Those skilled in the art will appreciate that other embodiments are also readily available. By way of non-limiting example, the body section 102 may be perforated; the body section 102 may have an I-beam configuration; or the body section 102 may comprise parallel cylinders of different diameters that relate to the scales of the system so that three different-scale jaws 108 can simultaneously engage the body section 102.

In above embodiments, the socket 108 of the construction element 100 comprises a recess 132 in communication with an opening 124 that extends from the first lateral side 126 through the distal end 130 to the second lateral side 128. In some alternative embodiments, the opening 124 may only extend from the first lateral side 126 to the distal end 130 (i.e., the petals 122 are connected on the second lateral side 128). In these embodiments, the rotation-limiting element 240 may be coupled to the first lateral side 126 of the construction element 100 for limiting its range of rotation.

In above embodiments, the expansion 162 on the body section 102 of a construction element 100 is spherical. In some alternative embodiments, the expansion 162 may have other suitable shapes such as a cylindrical shape. Accordingly, the main recess 248 of a rotation-limiting element 240 may having a corresponding cylindrical shape.

In above embodiments, the body section 102 of a construction element 100 is cylindrical. In some alternative embodiments, the body section 102 may have other suitable shapes (e.g., bones, branches, bamboo sections, bricks, the electron clouds of atomic bonds, and/or the like) and may be decorated to resemble plants, animals, man-made objects, and/or the like. The body section 102 may be made of any suitable material such as rubber, metal, foam, plush, and/or the like. In some embodiments, the construction elements disclosed herein may be used for architectural or engineering purposes, or to assemble or construct temporary, semi-permanent, or permanent structures.

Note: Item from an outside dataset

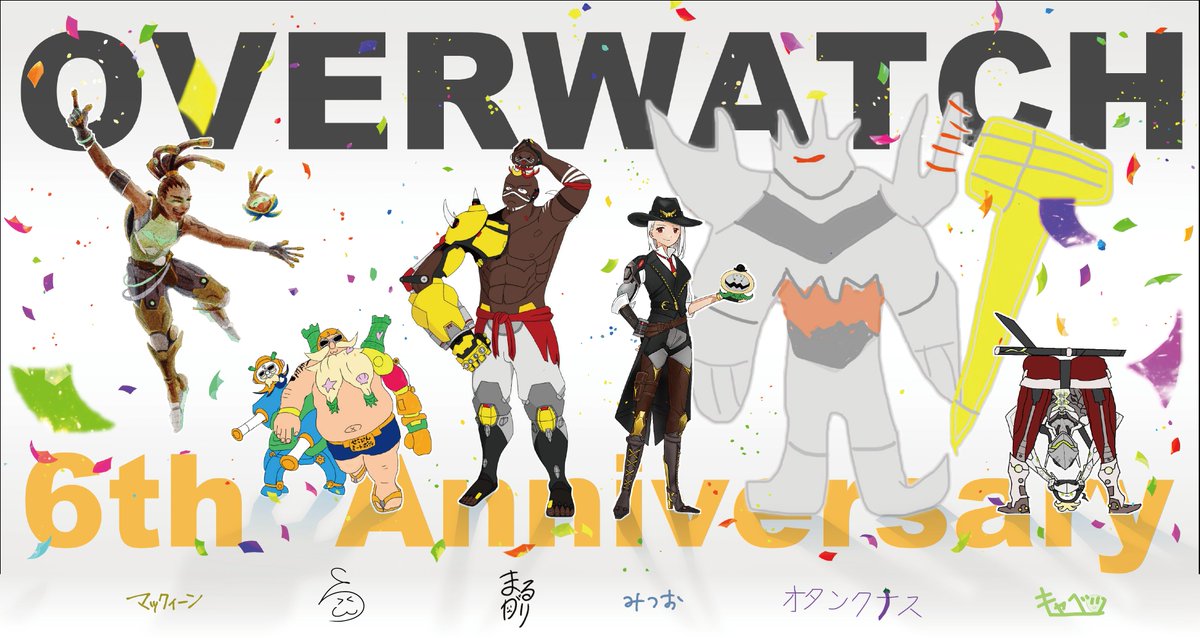 🎮OVERWATCH!! HAPPY 6th ANNIVERSARY🥳! #Overwatch #OverwatchFanart ろくさん( @69_6969kt )、まるがりさん( @smarugari )、みつおさん( @310___0 )、オタナスさん( @owtdh1 )、キャベツさん( @Kyabetu014971 )、私、 6人で6周年のお祝い合作イラスト😳 楽しい思い出をありがとうございます!!
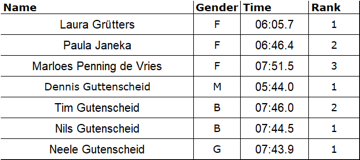 When the queue for the BBQ was forming, there were still some enthusiasts ready to run 3 rounds around the sports area for ht e 1mile. Just second before the start dad Dennis decided to accompany his family who completely registered. Thus the group of runners was composed of Paula and Laura and the family Penning de Vries/Gütenscheid (Marloes, Neele, Tim, Nils and Dennis). Even without a glorious win they would have been elected ITC Family of the year (although dad decided to run away from his pack while mom supported the youngsters). Dennis won the overall and male competition (being the only male had an advantage) in 5min44. Paula and Laura initially fought a tough battle but Paula then started cruising away from Laura finishing the 1 mile in 6min05.

In above embodiments, the rotation-limiting element 240 comprises an engagement structure 242 comprising a recess for engaging the spherical expansion 162 on the body section 102 of the interconnectable construction element 100. In some embodiments, the engagement structure 242 may be any suitable structure for engaging a corresponding engagement section of the interconnectable construction element 100. For example, the body section 102 of the interconnectable construction element 100 may comprise an engagement section in the form of a recess, and the engagement structure 242 of the rotation-limiting element 240 may comprise an extrusion for engaging the recess-shaped engagement section of the interconnectable construction element 100 to engage the rotation-limiting element 240 with the interconnectable construction element 100.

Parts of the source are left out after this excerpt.